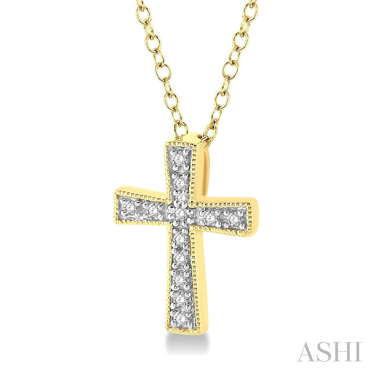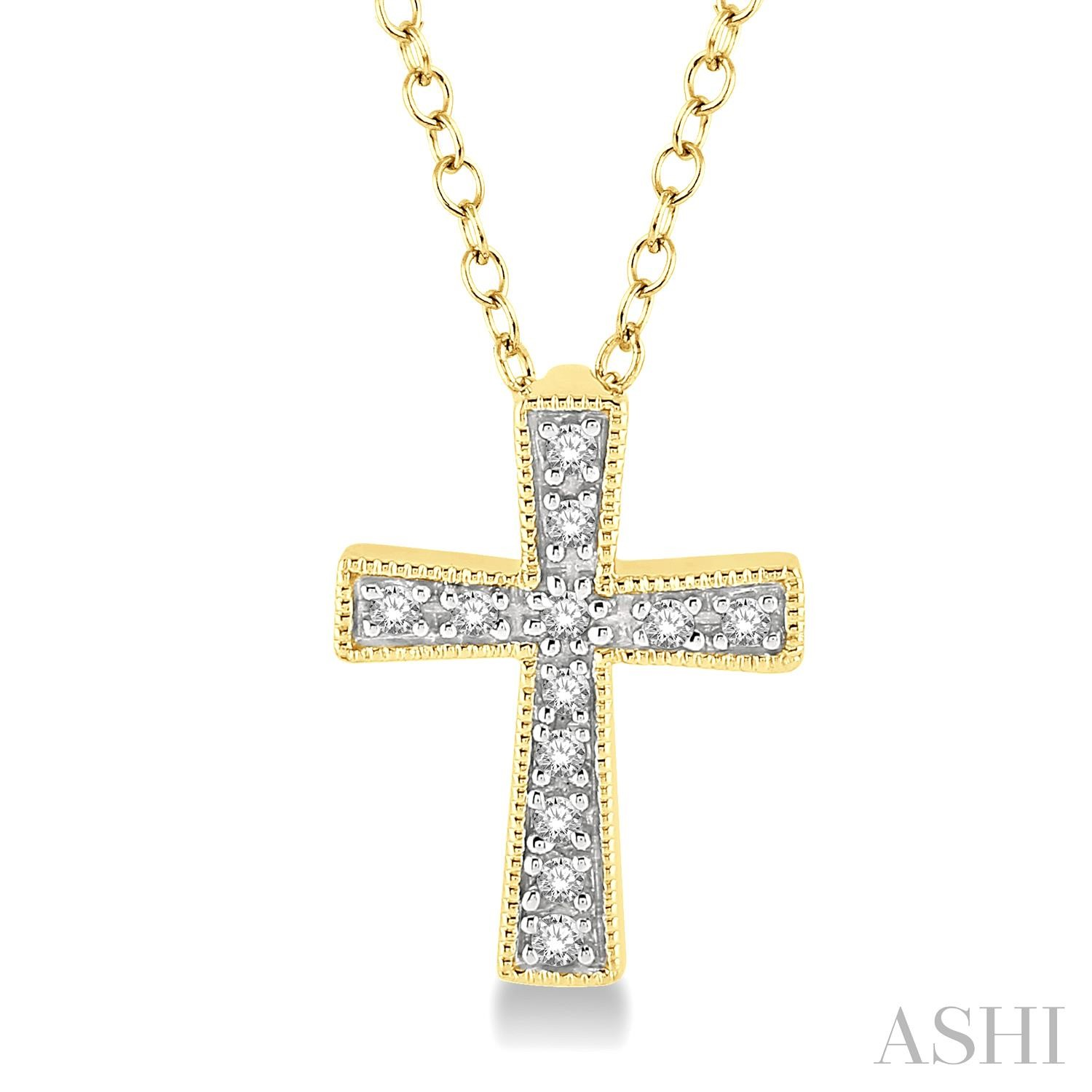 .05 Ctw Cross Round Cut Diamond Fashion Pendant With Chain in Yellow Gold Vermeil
...
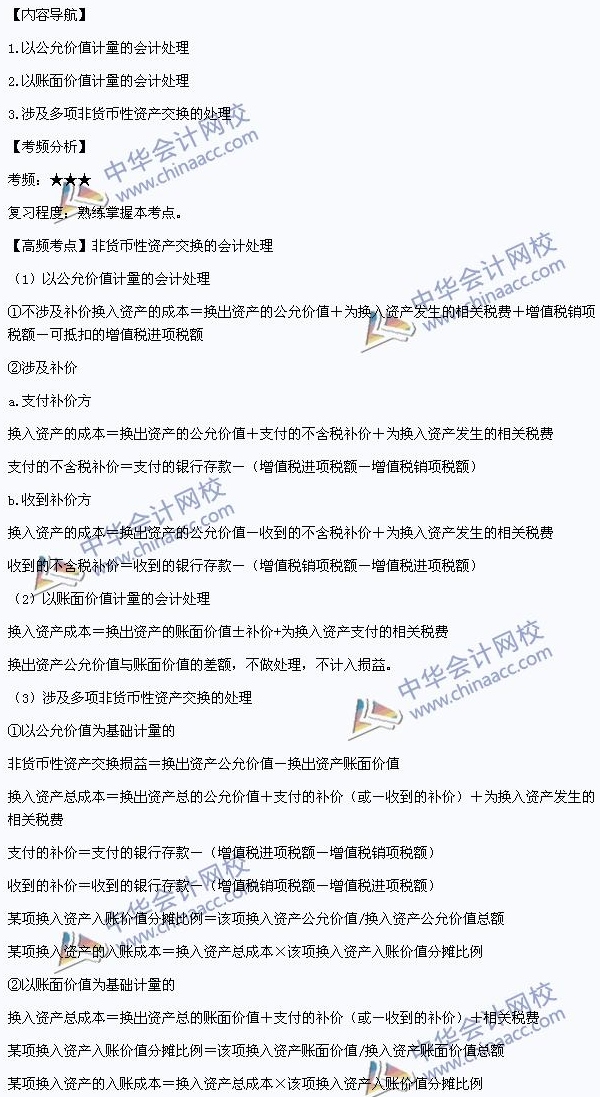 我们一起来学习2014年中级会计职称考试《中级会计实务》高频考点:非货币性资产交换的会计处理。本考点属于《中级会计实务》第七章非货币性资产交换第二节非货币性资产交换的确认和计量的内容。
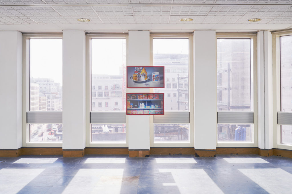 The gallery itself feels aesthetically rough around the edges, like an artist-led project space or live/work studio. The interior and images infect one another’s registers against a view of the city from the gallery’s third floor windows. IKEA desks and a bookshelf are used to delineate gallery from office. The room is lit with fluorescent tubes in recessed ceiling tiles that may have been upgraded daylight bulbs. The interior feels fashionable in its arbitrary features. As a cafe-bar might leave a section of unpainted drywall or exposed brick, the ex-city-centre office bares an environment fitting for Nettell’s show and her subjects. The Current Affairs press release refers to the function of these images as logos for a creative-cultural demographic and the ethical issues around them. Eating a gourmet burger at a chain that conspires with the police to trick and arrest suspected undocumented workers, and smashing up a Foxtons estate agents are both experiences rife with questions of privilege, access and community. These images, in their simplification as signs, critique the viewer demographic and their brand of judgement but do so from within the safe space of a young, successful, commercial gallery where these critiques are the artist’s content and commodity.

# INSTRUCTIONS FOR THE TASK:
All that is wanted is the lines above between the one containing "我们一起来学习2014年中级" and the one containing "The gallery itself", inclusive, restated word for word, with pictures omitted.

# TASK OUTPUT:
 我们一起来学习2014年中级会计职称考试《中级会计实务》高频考点:非货币性资产交换的会计处理。本考点属于《中级会计实务》第七章非货币性资产交换第二节非货币性资产交换的确认和计量的内容。
 The gallery itself feels aesthetically rough around the edges, like an artist-led project space or live/work studio. The interior and images infect one another’s registers against a view of the city from the gallery’s third floor windows. IKEA desks and a bookshelf are used to delineate gallery from office. The room is lit with fluorescent tubes in recessed ceiling tiles that may have been upgraded daylight bulbs. The interior feels fashionable in its arbitrary features. As a cafe-bar might leave a section of unpainted drywall or exposed brick, the ex-city-centre office bares an environment fitting for Nettell’s show and her subjects. The Current Affairs press release refers to the function of these images as logos for a creative-cultural demographic and the ethical issues around them. Eating a gourmet burger at a chain that conspires with the police to trick and arrest suspected undocumented workers, and smashing up a Foxtons estate agents are both experiences rife with questions of privilege, access and community. These images, in their simplification as signs, critique the viewer demographic and their brand of judgement but do so from within the safe space of a young, successful, commercial gallery where these critiques are the artist’s content and commodity.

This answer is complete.